À cet âge-là, la robotique lui avait sauvé la vie. Yeny Barrantes, enseignante dans son école salésienne d'Usme, au sud-est de Bogotá, avait commencé à l'impliquer dans différents projets scientifiques et technologiques et à voyager avec elle lors de concours dans d'autres villes du pays. « J'ai honte de le dire parce que je suis éducatrice, mais à cette époque, je me laissais emporter par les vices de la rue. Je pense que l'enseignante s'en est rendu compte et a vu en moi un potentiel que d'autres avaient négligé. Avec elle, j'ai voyagé en avion pour la première fois et j'ai vu un avenir dans la robotique. »

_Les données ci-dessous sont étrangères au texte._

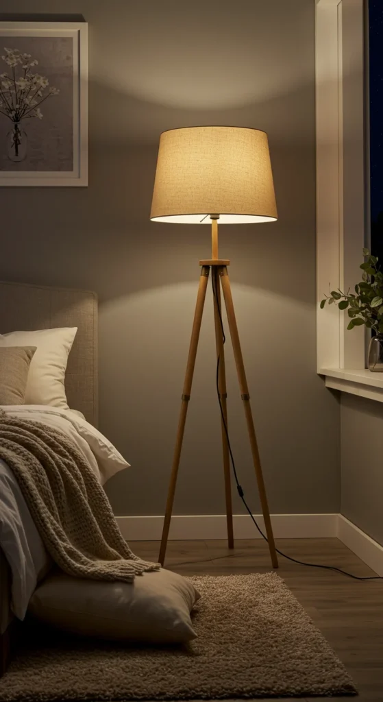 Corners often feel empty — a warm lamp fills them beautifully. Choose one with a soft shade and diffused light. It creates a peaceful reading or reflection spot. Great for apartments where overhead lighting feels too harsh.
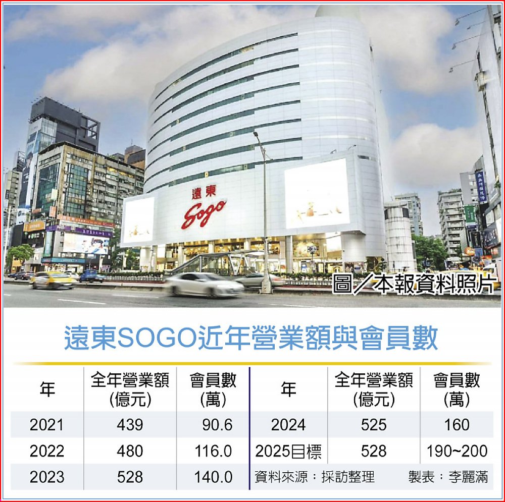遠東SOGO去年業績達525億元、年增1%,今年目標設定成長1%、約528億元;今年主力是大巨蛋Garden City全區開幕,以及SOGO復興館精品大規模改裝,SOGO APP會員也設定衝刺200萬目標。遠東SOGO大巨蛋Garden City在去年陸續開出C區、D區後,高達80%為新客,更有4成是40歲以下族群,今年第二季接著有影城開幕,還有星空餐廳登場,第四季購物中心全面完工,預計2026全年可帶來逾百億元業績挹注。
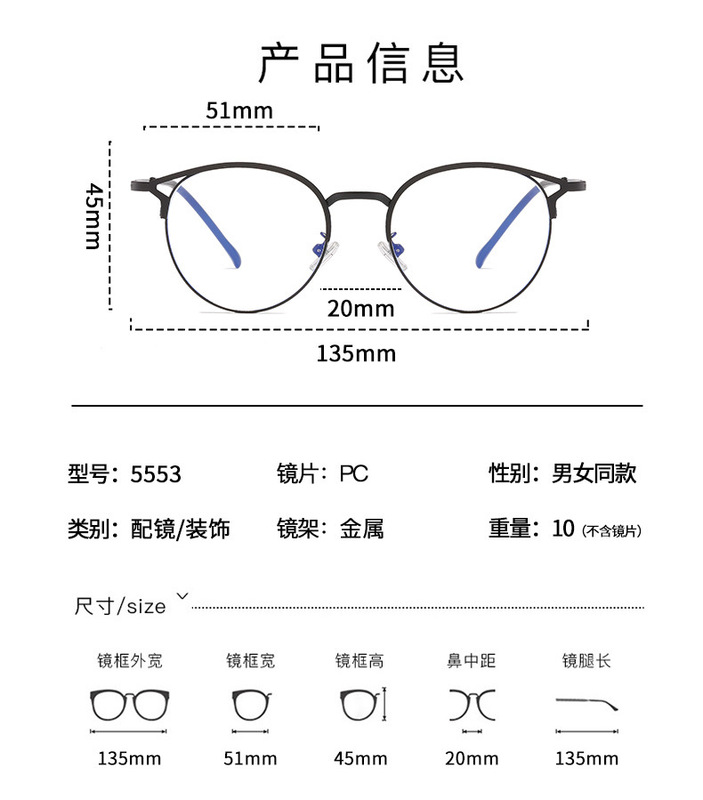 - 眼鏡款式:圓框
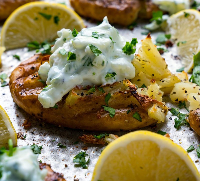 Λεμονάτες Σπασμένες πατατες με τζατζίκι
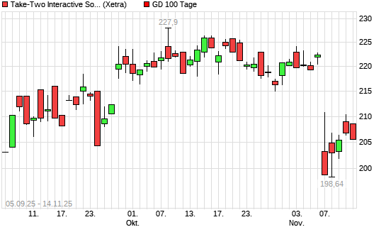 Mit dem Rücksetzer auf 205,95 EUR hat die Take 2 Interactive-Aktie am 13.11.2025 die 100-Tage-Linie nach unten gekreuzt.
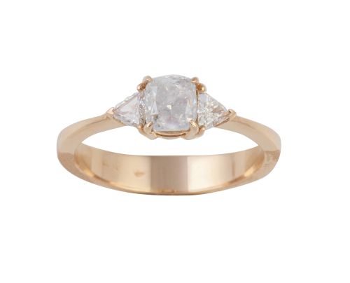 Sortija con brillante central talla cojín de 0,90 ct, color estimado light yellowish grey, flanqueado por dos diamantes de talla triangular

Grâce à Science Bot, elle reproduit aujourd'hui le geste que Barrantes a fait avec elle. « Je sais que chaque jour, je dois travailler plus dur pour aider d’autres enfants à consacrer leur temps aux questions scientifiques et technologiques et pour les empêcher de sombrer dans les vices ou dans les réseaux de violence. »
Dans son école, il compte environ 3 000 étudiants, dont 1 200 boursiers. Elle travaille avec cinq écoles de San José, enseigne des cours virtuels à des étudiants en Australie, en Espagne ou en Argentine, entre autres pays, et l'emmène dans différents territoires pour développer des pépinières avec des enfants qui autrement n'auraient pas accès à ces connaissances. Voyagez, par exemple, dans la réserve de Barrancón, à Guaviare, pour apprendre aux enfants du peuple Jiw à étudier les étoiles et parcourez les deux heures de sentier jusqu'à Colinas, l'ancien Espace territorial de formation et de réinsertion (ETCR), pour créer des serres intelligentes avec les enfants des démobilisés des FARC éteintes.
Depuis 2022, elle est l'une des tutrices du programme et aide à préparer les filles latino-américaines – issues de contextes vulnérables – sélectionnées par la Fondation pour aller à la NASA. L'année dernière, son expérience l'a motivée à travailler avec le député Jorge Quevedo, de Guaviare, pour présenter la loi sur la robotique et faire de cette science une matière obligatoire dans les écoles du pays. Il ne reste plus qu’un débat pour que cela devienne une réalité. « La science et la technologie éveillent la curiosité des garçons et des filles et leur donnent les outils nécessaires pour créer des solutions innovantes aux défis de leurs contextes respectifs », explique Muñoz. C’est pour cela qu’il connaît l’importance de son travail de professeur de robotique : c’est une source d’espoir.